Indeed, the amount of P2P trading volume in many Latin American countries rises as native currency depreciates. Latin America-based cryptocurrency operators gave us first-hand accounts of how currency devaluation and economic instability bring users to their platforms. “Venezuela and Argentina especially are printing money like crazy, so their fiat currencies are losing value. That drives a lot of cryptocurrency adoption,” said Sebastian Villanueva of SatoshiTango. He also notes that some countries, like Argentina, limit the amount of U.S. dollars citizens can buy per month, which further limits their options for secure savings and increases the need for cryptocurrency.
Villanueva went on to describe how worsening economic conditions and associated civil unrest drive cryptocurrency adoption. “Last October in Chile, there were mass protests over education, healthcare, and overall economic conditions. Fiat pay platforms saw huge decreases in activity during that time, but we grew by about 35%,” he remembers. “People just want a safe way to store money, and there are no gatekeepers in crypto.”
Trading and speculation, but also scamming
While Latin America has unique cryptocurrency usage patterns based on value storage and transfer for the underbanked, there’s also a robust trading and speculation market in the region similar to what we see in the rest of the world.
Let’s start with a country by country breakdown.
Brazil accounts for by far the most cryptocurrency usage by on-chain volume of all Latin American countries. However, while Venezuela appears to be a distant second, its role becomes more pronounced when we look at P2P trading volumes. In fact, Venezuelans account for the third-highest number of transfers on LocalBitcoins and Paxful, two of the most popular worldwide P2P exchanges.
While Latin America has the second-highest share of total activity composed of retail trades (defined as transfers of under $10,000 USD worth of cryptocurrency), the professional market still accounts for roughly 80% of all volume transferred in a given month.

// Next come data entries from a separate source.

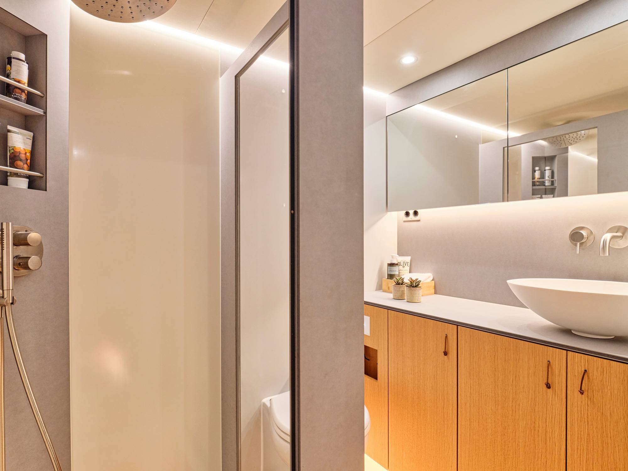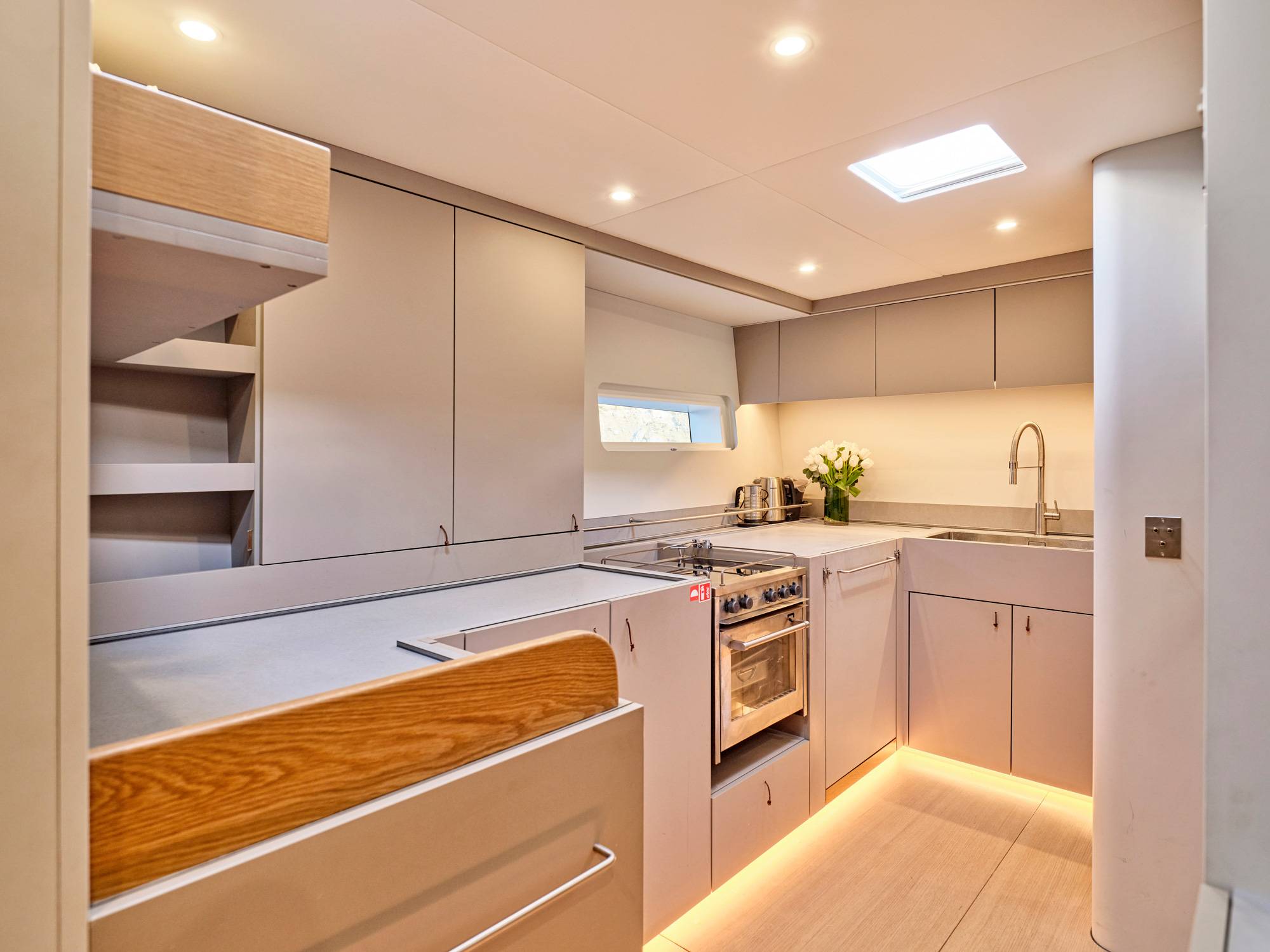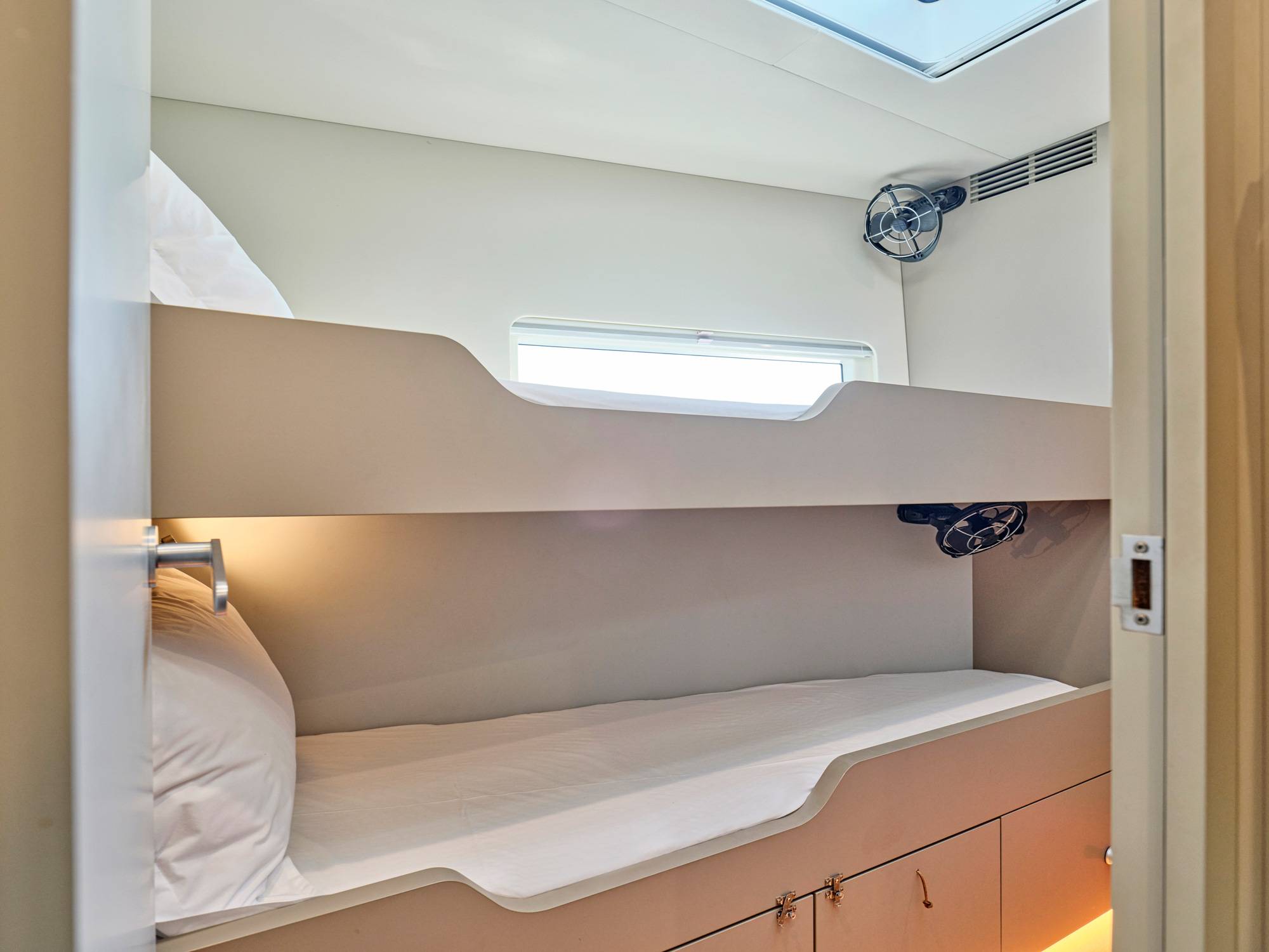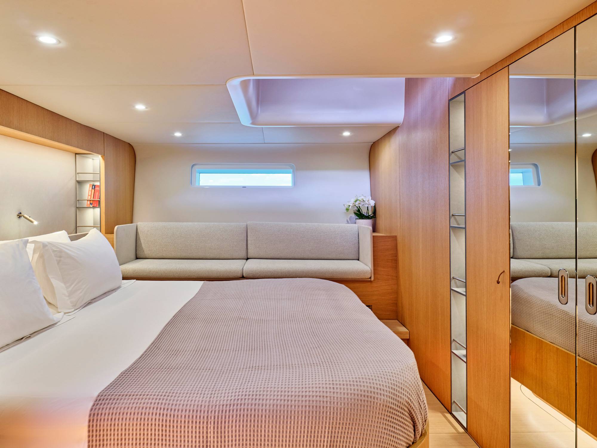Water maker 300 liters/hour, Air conditioning, Ice maker, Wine cooler, Safe in Master cabin, Hair dryer.
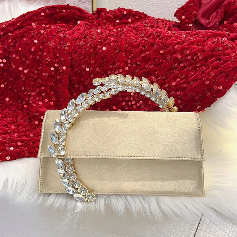 L’essentiel : Sac À Main En Velours Doré Avec Poignée Strass Cristal – Pochette Élégante Soirée Mariage
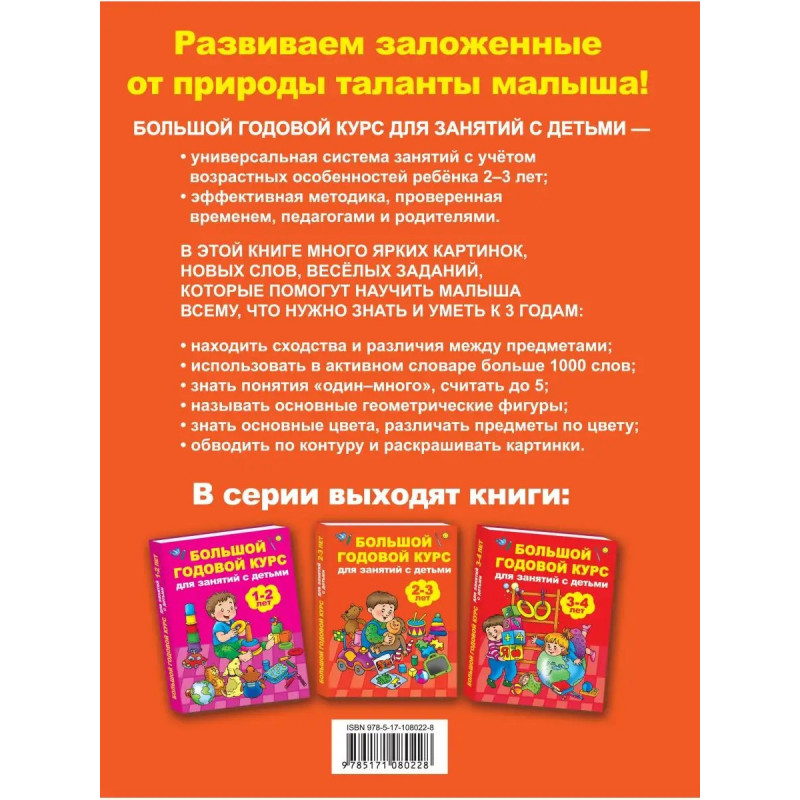Мозг ребенка с первых лет жизни развивается феноменально быстро и впитывает информацию как губка. Речь, творческие способности, аналитическое мышление, логика, координация движений, сенсорное и слуховое восприятие... Ему так много предстоит освоить! Серия пособий Большой годовой курс для занятий с детьми поможет в комплексном пошаговом развитии этих навыков. Для работы с книгами серии не требуется специального педагогического образования, можно заниматься дома в свое удовольствие, выполняя по одному упражнению каждый день. Данная книга предназначена для малышей 2 - 3 лет. Интерактивные задания пополнят словарный запас ребенка, закрепят представление о цвете и форме, научат счету и помогут развить мелкую моторику рук.
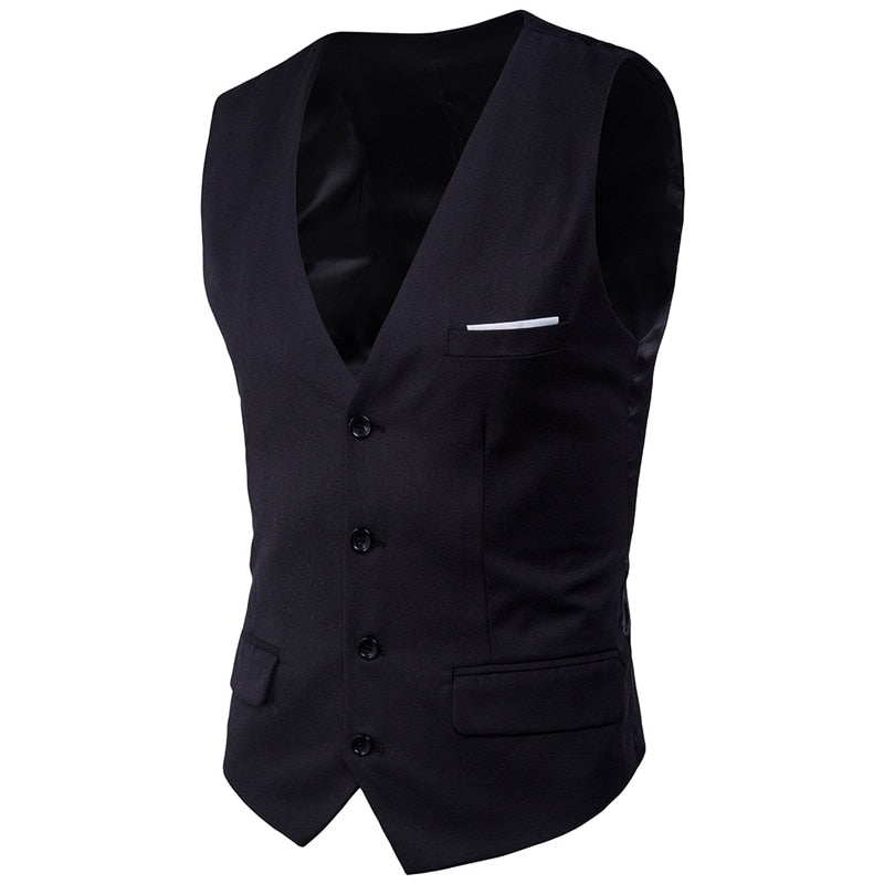 Black Suit Vest Waistcoat Men Slim Fit V Neck Dress Vests Mens

We spoke with representatives from Hashdex, a cryptocurrency-focused hedge fund headquartered in Brazil, who told us that a desire for potential high yield assets with uncorrelated returns is driving cryptocurrency adoption amongst professional investors, such as those representing pension funds and family offices.

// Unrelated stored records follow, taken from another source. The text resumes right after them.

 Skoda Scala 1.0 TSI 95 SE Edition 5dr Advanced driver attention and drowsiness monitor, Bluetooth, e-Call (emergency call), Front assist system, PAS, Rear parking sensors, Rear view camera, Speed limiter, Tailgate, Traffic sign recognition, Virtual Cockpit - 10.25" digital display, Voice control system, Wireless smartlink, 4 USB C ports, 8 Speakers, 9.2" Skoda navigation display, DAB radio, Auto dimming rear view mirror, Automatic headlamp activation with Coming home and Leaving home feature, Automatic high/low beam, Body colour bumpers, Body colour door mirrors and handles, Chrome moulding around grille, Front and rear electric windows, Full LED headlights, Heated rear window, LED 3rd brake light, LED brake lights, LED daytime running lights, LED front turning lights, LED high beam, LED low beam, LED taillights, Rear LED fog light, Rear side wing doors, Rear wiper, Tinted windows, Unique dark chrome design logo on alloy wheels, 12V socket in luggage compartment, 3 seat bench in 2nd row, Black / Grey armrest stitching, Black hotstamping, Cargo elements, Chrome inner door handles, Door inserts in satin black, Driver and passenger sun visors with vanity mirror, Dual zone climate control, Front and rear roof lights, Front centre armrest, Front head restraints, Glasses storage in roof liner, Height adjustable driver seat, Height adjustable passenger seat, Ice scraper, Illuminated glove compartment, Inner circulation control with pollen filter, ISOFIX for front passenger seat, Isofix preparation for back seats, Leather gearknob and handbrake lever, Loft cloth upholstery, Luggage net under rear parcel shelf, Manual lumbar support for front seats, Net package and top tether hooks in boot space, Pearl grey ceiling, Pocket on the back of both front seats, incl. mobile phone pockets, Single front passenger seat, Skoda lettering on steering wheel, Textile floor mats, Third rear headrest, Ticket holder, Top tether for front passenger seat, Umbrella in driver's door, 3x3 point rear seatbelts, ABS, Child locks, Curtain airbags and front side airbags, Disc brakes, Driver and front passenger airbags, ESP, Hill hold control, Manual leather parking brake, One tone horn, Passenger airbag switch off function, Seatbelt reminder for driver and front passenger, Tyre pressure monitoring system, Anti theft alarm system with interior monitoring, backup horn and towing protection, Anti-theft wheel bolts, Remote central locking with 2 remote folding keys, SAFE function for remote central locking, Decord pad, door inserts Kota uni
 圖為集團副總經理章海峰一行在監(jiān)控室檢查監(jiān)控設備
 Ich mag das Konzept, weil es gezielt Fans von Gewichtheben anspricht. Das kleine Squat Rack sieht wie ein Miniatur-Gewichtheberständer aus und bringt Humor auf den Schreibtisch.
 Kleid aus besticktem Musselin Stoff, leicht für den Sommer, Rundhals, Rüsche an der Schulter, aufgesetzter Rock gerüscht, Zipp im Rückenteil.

However, similar to other parts of the world, Latin America has a class of quasi-professional investors engaging in significant trading and speculation. Most of these traders prefer to operate on large, international exchanges like Binance, which we see reflected in the table below showing the top five services receiving cryptocurrency from and sending it to Latin America:
Bitso Head of Regulatory Risk Patricia Risso explained to us that many traders will use fiat to buy Bitcoin or stablecoins like Tether from local services or P2P exchanges, and then use those funds as an on-ramp to larger exchanges like Binance, where they can access more trading pairs and greater liquidity. Several other sources confirmed this is a common pattern not just in Latin America, but in other developing regions as well. We believe that this activity makes up a significant share of the stablecoin transfer volume we note elsewhere in this section.

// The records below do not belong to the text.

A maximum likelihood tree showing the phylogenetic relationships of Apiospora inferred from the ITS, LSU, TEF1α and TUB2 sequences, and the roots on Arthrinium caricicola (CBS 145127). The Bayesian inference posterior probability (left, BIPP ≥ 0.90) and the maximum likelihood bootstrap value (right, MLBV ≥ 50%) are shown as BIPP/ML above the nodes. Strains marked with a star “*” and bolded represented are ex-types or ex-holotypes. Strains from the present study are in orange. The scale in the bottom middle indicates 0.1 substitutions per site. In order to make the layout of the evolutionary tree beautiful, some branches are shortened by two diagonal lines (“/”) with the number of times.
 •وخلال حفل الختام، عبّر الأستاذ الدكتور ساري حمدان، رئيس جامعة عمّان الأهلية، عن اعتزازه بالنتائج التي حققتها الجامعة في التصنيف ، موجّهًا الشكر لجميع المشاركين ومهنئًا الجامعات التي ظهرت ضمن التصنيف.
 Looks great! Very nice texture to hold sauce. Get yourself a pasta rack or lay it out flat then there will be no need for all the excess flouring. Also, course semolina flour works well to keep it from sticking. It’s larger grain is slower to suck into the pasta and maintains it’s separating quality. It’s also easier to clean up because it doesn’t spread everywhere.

Latin America also has the highest share of cryptocurrency activity made up of transfers to or from criminal entities, making up 2.4% of all the region’s receiving volume moved over the last year and 1.6% of sending volume. 61% of this activity is related to cryptocurrency scams, the largest collecting value from Latin American victims being F2TradingCorp, FXTradingCorp, and WishMoney, which accounted for most of the illicit transfers between July and November 2019 when Latin America crypto crime was at its highest. For the time being though, illicit transfers in Latin America appear to be on a sharp decline.